范寧沒有一點隱瞞,便將半路遇到高麗探哨船觸礁,審問得知高麗即將對耽州發動偷襲,他便決定先下手為強,悉數燒毀了釜山海灣中的船只,詳細說了一遍。
范寧最后道:“首先宋軍并沒有在釜山登陸,不要說攻打高麗,就算騷擾高麗都談不上,最多只能算損毀高麗的財物,其次,是高麗探哨船先對耽州不利,是高麗欲謀耽州,然后才是我們反擊。
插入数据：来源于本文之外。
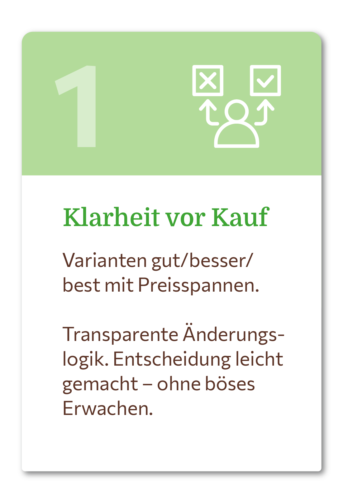 Fester Ansprechpartner, verständliche Optionen, transparente Preisrange – Entscheidungen fallen leicht.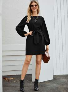 Boat Neck Bishop Sleeve Belted Dress

”
幸虧宋朝還沒有領海的概念,只要沒有登陸,就談不上入侵,最多只能算威脅,所以范寧矢口否認高若訥的指控。
現在只能是對他燒毀高麗船只來做個定性。
范寧說完,富弼接口道:“這件事讓我想起了年初遼國使者前來質疑耽州之事,正是高麗慫恿遼國向大宋施壓,暴露了高麗對耽州的野心,高麗準備偷襲耽州,便是這件事的延續。”
文彥博沉吟一下道:“處理這件事并不一定非要主動出擊,可以加強耽州防御,或者戰船部署在耽州外圍,待高麗前來偷襲時,再一舉全殲,就像在鯤南灣全殲平野吉的軍隊一樣,我們主動出擊,就在道義上顯得被動了。”
韓琦卻不同意文彥博的想法,他替范寧解釋道:“如果是防御高麗來進攻,那我們傷亡就大了,我們不知道高麗是從哪個方向殺來,會更加被動。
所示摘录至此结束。